#### ENTRIES SUPPLIED ####

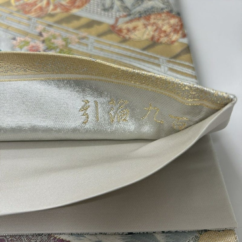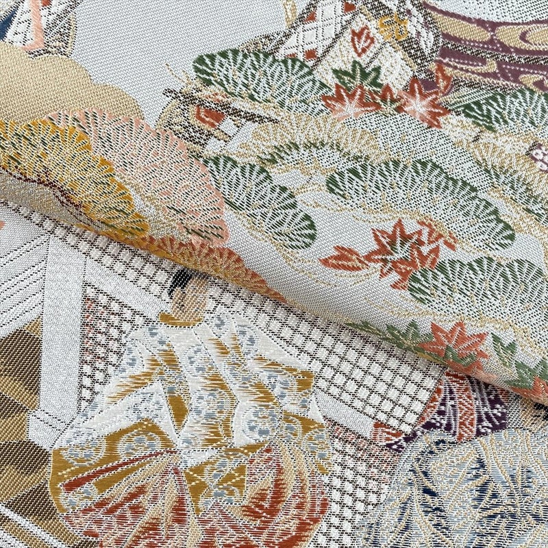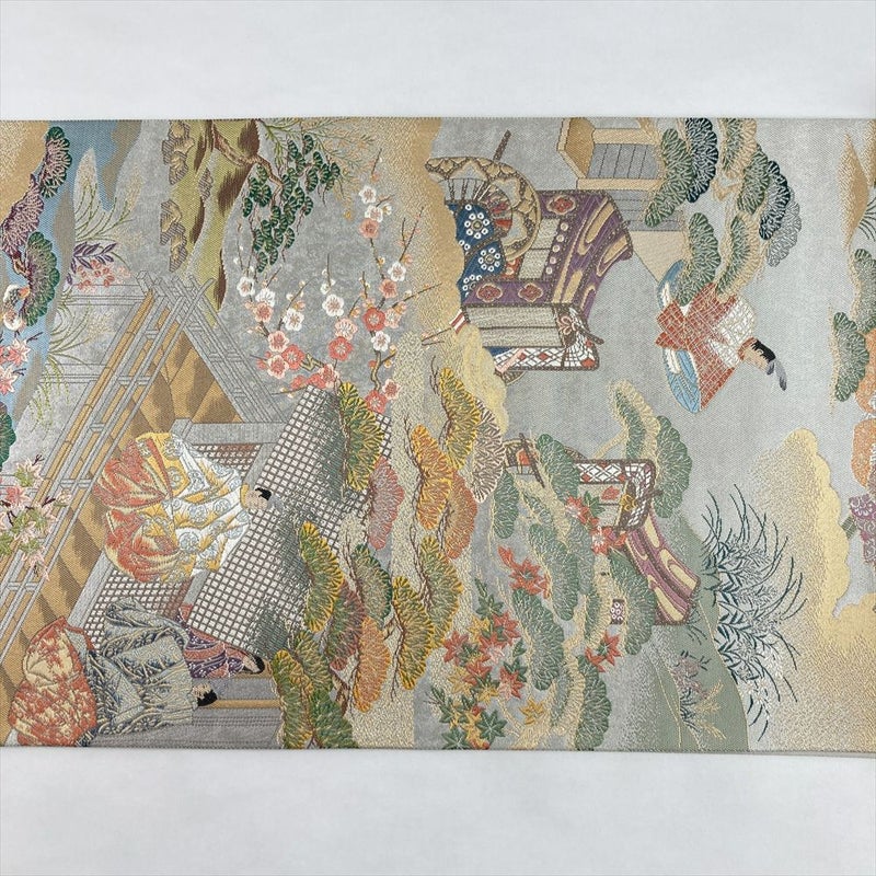 奥ゆかしい金銀の煌めきに、王朝絵巻の世界が広がる袋帯です。
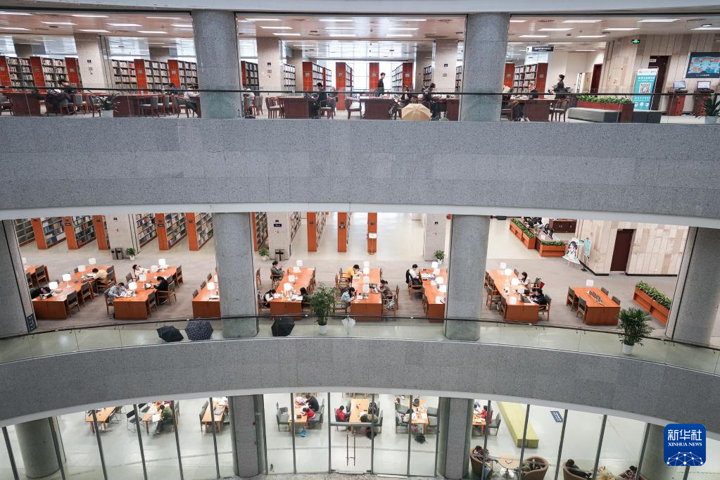 4月22日,人们在位于武汉市的湖北省图书馆内阅读。
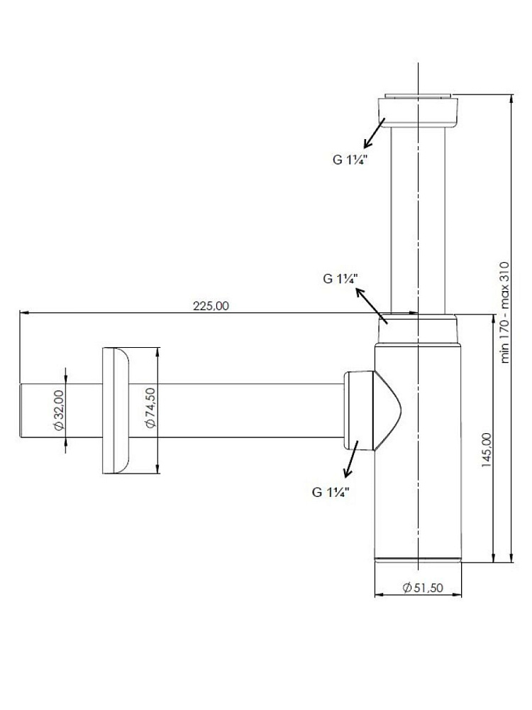 Сифон для раковины в ванную c накидной гайкой 1 1/4", пластик, хром, Aquanet
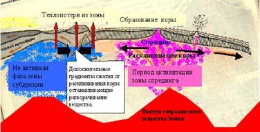 С точки зрения современных взглядов, во время сейсмической активизации рифтовой зоны \место образования новой коры, совпадающей с океаническими хребтами \, происходит нарастание коры, возрастают горизонтальные силы сжатия, которые тут же должны заталкивать ее под материковую. Заталкивание должно сопровождаться повышением сейсмической активности данной зоны, но фактически происходит наоборот. При затухании активности в спрединговых регионах - возобновляется в прибрежных. С позиций предлагаемой гипотезы, процесс противофаз сейсмической активности, является непременным условием. Во время активизации спрединговой зоны, за счет расклинивания, создается дополнительное давление на раздвигаемые участки коры, которое увеличивающимся воздействием на активную зону, затормаживает разворачивание вещества в местах субдукции. Одновременно происходит разогрев, в месте разворачивания, который начинает постепенно его самоограничение, тем временем потеря тепла в неактивной зоне, начинает стимулировать натурализацию. Наступает момент, когда эти взаимодействия переходят пороговые значения, т.е. разогрев остановит разворачивание, а остывание и уменьшающееся латеральное давление на неактивную зону, запустят его в регионе субдукции, таким образом, процесс меняется местами (рис.6).
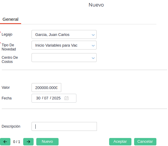 En Tipo de novedad, buscar el concepto correspondiente (ej.: Inicio Variables para Vac)
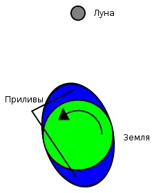 Приливное ускорение Луны замедляет скорость вращения Земли и увеличивает расстояние между Землёй и Луной. Другие эффекты, которые могут рассеять энергию вращения Земли — это трение между ядром и мантией, потоки в атмосфере, конвекция в мантии и климатические изменения, которые могут увеличить или уменьшить количество льда на полюсах. В совокупности эти эффекты, как предполагается, увеличат продолжительность дня более чем на 1,5 часа в течение ближайших 250 миллионов лет, а также увеличат наклон оси на полградуса. Расстояние до Луны увеличится примерно на 1,5 RЗемли в течение этого же периода[18].
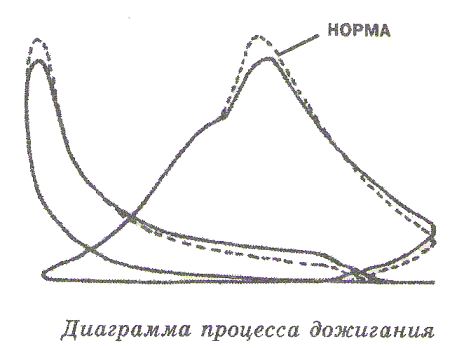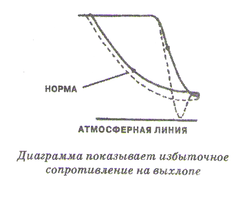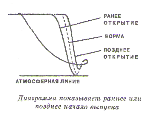 Неполное закрытие выпускного клапана на малых оборотах двигателя может быть обнаружено на индикаторной диаграмме, снятой индикатором со слабой пружиной. При этом диаграмма не дает точного значения фаз газораспределения, однако при сравнении с нормальной диаграммой можно определить, является ли открытие клапана ранним или поздним (см. рис. ниже).
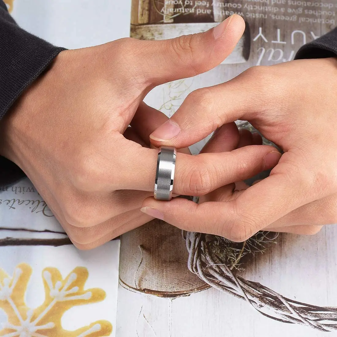 Модное обручальное кольцо 8 мм из карбида вольфрама для мужчин, кольцо со скошенными краями и голубым желобом, 2021
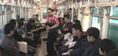 みんなで合唱タイムもありますよ。 空中音楽会でした。 千葉都市モノレールには、貸切企画が人気です。 前回、貸切ライブは、都電荒川線でした。 バグパイプは乗り物貸切ライブ向き。 第2回都電貸切コンサートの光景(2008,11) 第1回都電貸切コンサートの光景(2006,05) 主催: クロブチ(ユーロブラス) |
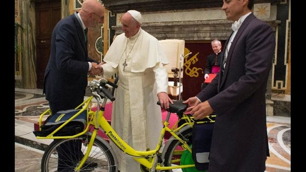 Papa:riceve in dono bicicletta elettrica
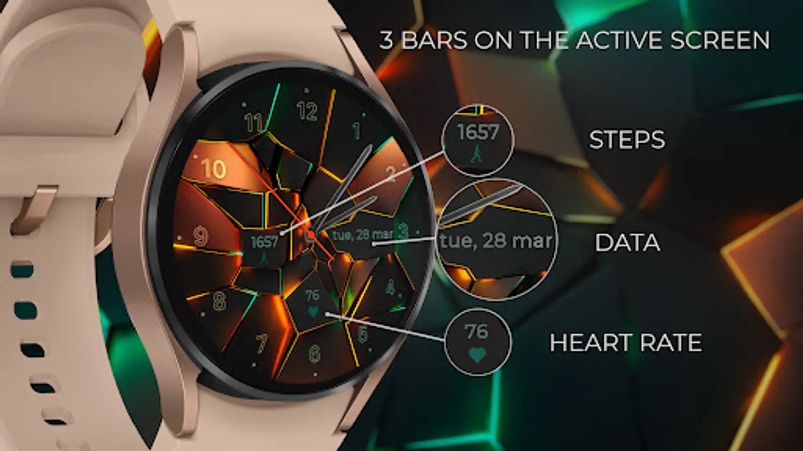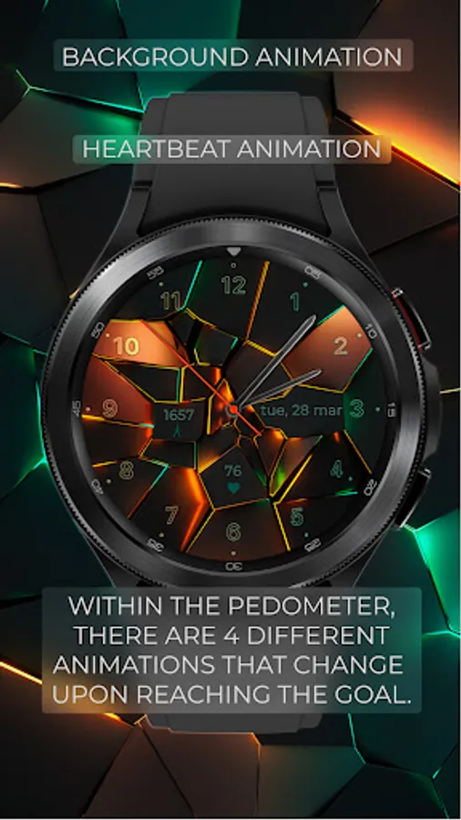 The unique NeonShatter watch face for Wear OS (API level 28+) will make your everyday life brighter and more exciting. It offers a dynamic design that creates a shattering effect with a looping animation of shards on the background and bright neon highlights on their edges. This design catches the eye and allows your watch to stand out from the rest.
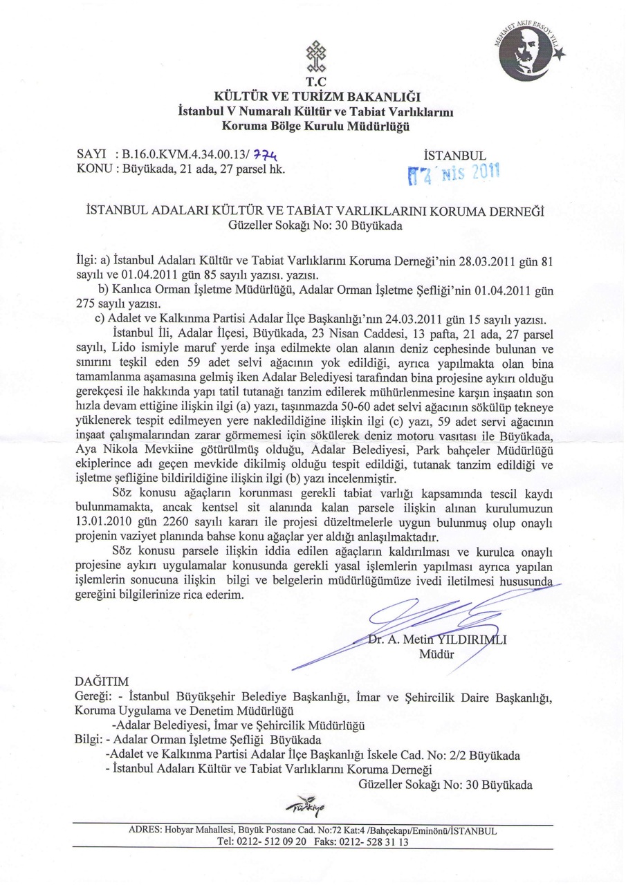 Büyükada sahilinde (23 Nisan Caddesi, 21 ada, 27 parsel de) Lido ismiyle maruf yerde inşa edilmekte olan muvazaalı yapı, deniz cephesinde bulunan ve arsalarının sınırını teşkil eden 59 adet selvi ağacını yok etmiştir.
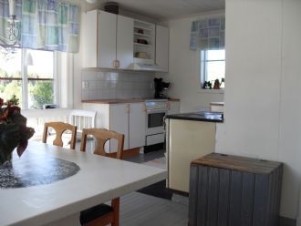 Gårdshuset är helt nyrenoverat 2015. Det är ljust och fräscht. I köket har vi valt att behålla den gamla vedkaminen, för charmens skull. Självklart finns det en vanlig spis för matlagning.
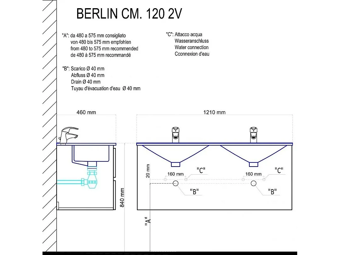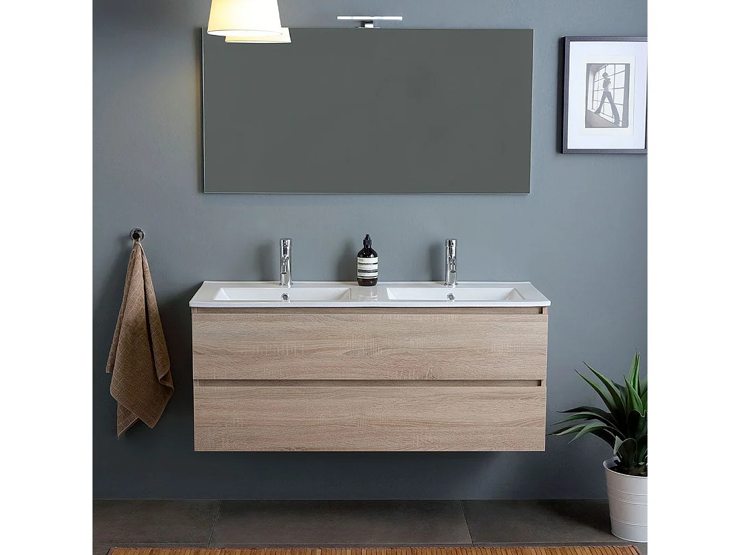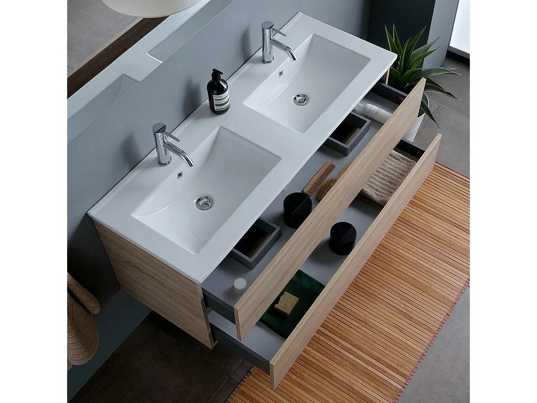 Double Lavabo Mural Meuble De Salle De Bain Avec Tiroirs Chêne Naturel 120Cm | Berlin
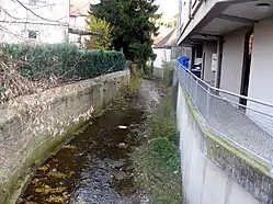 The Aal is a small river in the town of Aalen in Baden-Württemberg, Germany. It originates in the Dürrwiesen near the road bridge of the K 3326 at the western end of the street Gartenstraße through the confluence of the left Rombach and the right Sauerbach, that slightly exceeds the Rombach in length and area of basin. From here, the Aal first flows in an eastern and later northeastern direction. After 1.6 km, it flows on the left side of the Reichstädter Markt into the Kocher.
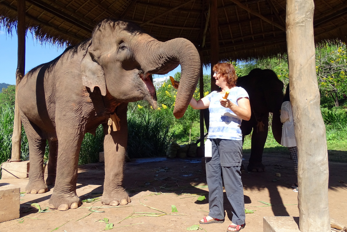 Olifanten eten minimaal 150 kilo voedsel per dag en als bezoeker mag je ze de hele dag voeren. Momenteel verblijven er acht olifanten in de leeftijd van 10 jaar tot 67 jaar. De 10-jarige is een verweesde olifant. Maar er was ook een olifant met een schotwond in de linkerschouder en andere verwondingen. Een duidelijk slachtoffer van een boze boer. Er stonden gigantische tonnen voedsel voor ons klaar met daarin pompoen, stukken van de bananenplant, bamboe en ter plekke gemaakte natte granenbollen.
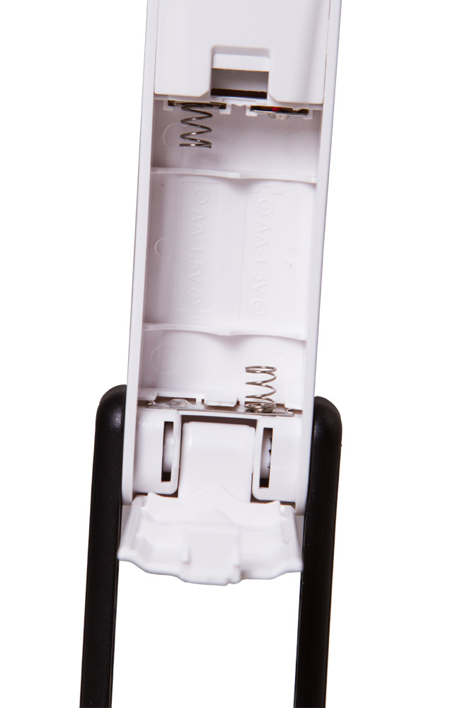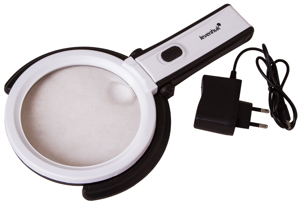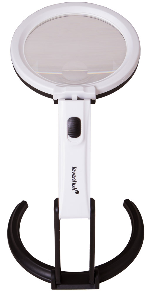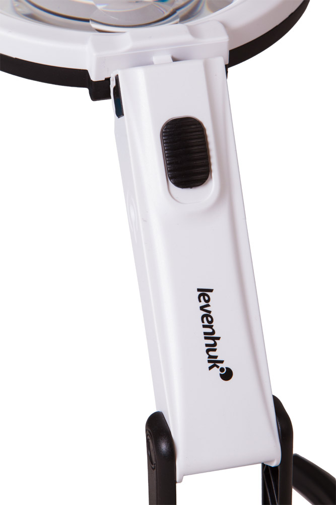 Элегантный штатив, на котором закрепляется основная часть прибора, состоит из двух частей. Первая является неподвижной. Вторая регулируется по углу наклона, завершается «рогообразным» основанием, удерживающим всю конструкцию на горизонтальной ровной поверхности. При необходимости штатив складывается и формирует классическую портативную лупу с широкой и длинной ручкой, которой удобно пользоваться в «полевых» условиях.
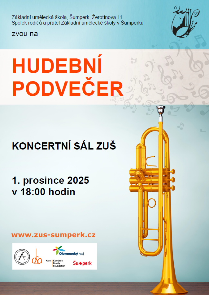 Hudební podvečerV pondělí 1. prosince se od 18:00 představí naši žáci na hudebním podvečeru, který se bude konat v koncertním sále ZUŠ. Srdečně všechny zveme.
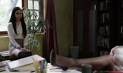 Ultra-kinky teacher helps her student to finish off straight on her stockings
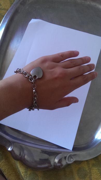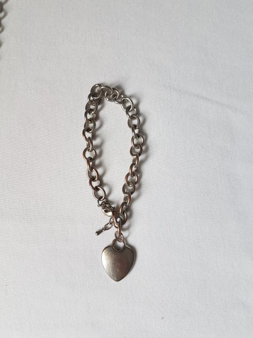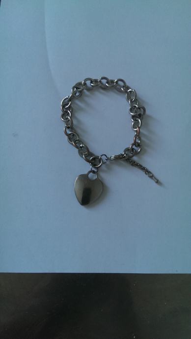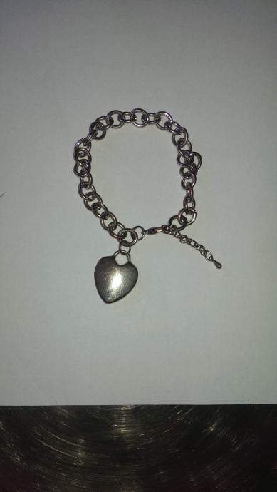 Posrebrena narukvica u obliku lanca, s privjeskom srca. Podesive širine.

####

TASK DETAILS
The pictures are not wanted, but every line of the listing should be duplicated exactly.

ANSWER SECTION
 奥ゆかしい金銀の煌めきに、王朝絵巻の世界が広がる袋帯です。
 4月22日,人们在位于武汉市的湖北省图书馆内阅读。
 Сифон для раковины в ванную c накидной гайкой 1 1/4", пластик, хром, Aquanet
 С точки зрения современных взглядов, во время сейсмической активизации рифтовой зоны \место образования новой коры, совпадающей с океаническими хребтами \, происходит нарастание коры, возрастают горизонтальные силы сжатия, которые тут же должны заталкивать ее под материковую. Заталкивание должно сопровождаться повышением сейсмической активности данной зоны, но фактически происходит наоборот. При затухании активности в спрединговых регионах - возобновляется в прибрежных. С позиций предлагаемой гипотезы, процесс противофаз сейсмической активности, является непременным условием. Во время активизации спрединговой зоны, за счет расклинивания, создается дополнительное давление на раздвигаемые участки коры, которое увеличивающимся воздействием на активную зону, затормаживает разворачивание вещества в местах субдукции. Одновременно происходит разогрев, в месте разворачивания, который начинает постепенно его самоограничение, тем временем потеря тепла в неактивной зоне, начинает стимулировать натурализацию. Наступает момент, когда эти взаимодействия переходят пороговые значения, т.е. разогрев остановит разворачивание, а остывание и уменьшающееся латеральное давление на неактивную зону, запустят его в регионе субдукции, таким образом, процесс меняется местами (рис.6).
 En Tipo de novedad, buscar el concepto correspondiente (ej.: Inicio Variables para Vac)
 Приливное ускорение Луны замедляет скорость вращения Земли и увеличивает расстояние между Землёй и Луной. Другие эффекты, которые могут рассеять энергию вращения Земли — это трение между ядром и мантией, потоки в атмосфере, конвекция в мантии и климатические изменения, которые могут увеличить или уменьшить количество льда на полюсах. В совокупности эти эффекты, как предполагается, увеличат продолжительность дня более чем на 1,5 часа в течение ближайших 250 миллионов лет, а также увеличат наклон оси на полградуса. Расстояние до Луны увеличится примерно на 1,5 RЗемли в течение этого же периода[18].
 Неполное закрытие выпускного клапана на малых оборотах двигателя может быть обнаружено на индикаторной диаграмме, снятой индикатором со слабой пружиной. При этом диаграмма не дает точного значения фаз газораспределения, однако при сравнении с нормальной диаграммой можно определить, является ли открытие клапана ранним или поздним (см. рис. ниже).
 Модное обручальное кольцо 8 мм из карбида вольфрама для мужчин, кольцо со скошенными краями и голубым желобом, 2021
 みんなで合唱タイムもありますよ。 空中音楽会でした。 千葉都市モノレールには、貸切企画が人気です。 前回、貸切ライブは、都電荒川線でした。 バグパイプは乗り物貸切ライブ向き。 第2回都電貸切コンサートの光景(2008,11) 第1回都電貸切コンサートの光景(2006,05) 主催: クロブチ(ユーロブラス) |
 Papa:riceve in dono bicicletta elettrica
 The unique NeonShatter watch face for Wear OS (API level 28+) will make your everyday life brighter and more exciting. It offers a dynamic design that creates a shattering effect with a looping animation of shards on the background and bright neon highlights on their edges. This design catches the eye and allows your watch to stand out from the rest.
 Büyükada sahilinde (23 Nisan Caddesi, 21 ada, 27 parsel de) Lido ismiyle maruf yerde inşa edilmekte olan muvazaalı yapı, deniz cephesinde bulunan ve arsalarının sınırını teşkil eden 59 adet selvi ağacını yok etmiştir.
 Gårdshuset är helt nyrenoverat 2015. Det är ljust och fräscht. I köket har vi valt att behålla den gamla vedkaminen, för charmens skull. Självklart finns det en vanlig spis för matlagning.
 Double Lavabo Mural Meuble De Salle De Bain Avec Tiroirs Chêne Naturel 120Cm | Berlin
 The Aal is a small river in the town of Aalen in Baden-Württemberg, Germany. It originates in the Dürrwiesen near the road bridge of the K 3326 at the western end of the street Gartenstraße through the confluence of the left Rombach and the right Sauerbach, that slightly exceeds the Rombach in length and area of basin. From here, the Aal first flows in an eastern and later northeastern direction. After 1.6 km, it flows on the left side of the Reichstädter Markt into the Kocher.
 Olifanten eten minimaal 150 kilo voedsel per dag en als bezoeker mag je ze de hele dag voeren. Momenteel verblijven er acht olifanten in de leeftijd van 10 jaar tot 67 jaar. De 10-jarige is een verweesde olifant. Maar er was ook een olifant met een schotwond in de linkerschouder en andere verwondingen. Een duidelijk slachtoffer van een boze boer. Er stonden gigantische tonnen voedsel voor ons klaar met daarin pompoen, stukken van de bananenplant, bamboe en ter plekke gemaakte natte granenbollen.
 Элегантный штатив, на котором закрепляется основная часть прибора, состоит из двух частей. Первая является неподвижной. Вторая регулируется по углу наклона, завершается «рогообразным» основанием, удерживающим всю конструкцию на горизонтальной ровной поверхности. При необходимости штатив складывается и формирует классическую портативную лупу с широкой и длинной ручкой, которой удобно пользоваться в «полевых» условиях.
 Hudební podvečerV pondělí 1. prosince se od 18:00 představí naši žáci na hudebním podvečeru, který se bude konat v koncertním sále ZUŠ. Srdečně všechny zveme.
 Ultra-kinky teacher helps her student to finish off straight on her stockings
 Posrebrena narukvica u obliku lanca, s privjeskom srca. Podesive širine.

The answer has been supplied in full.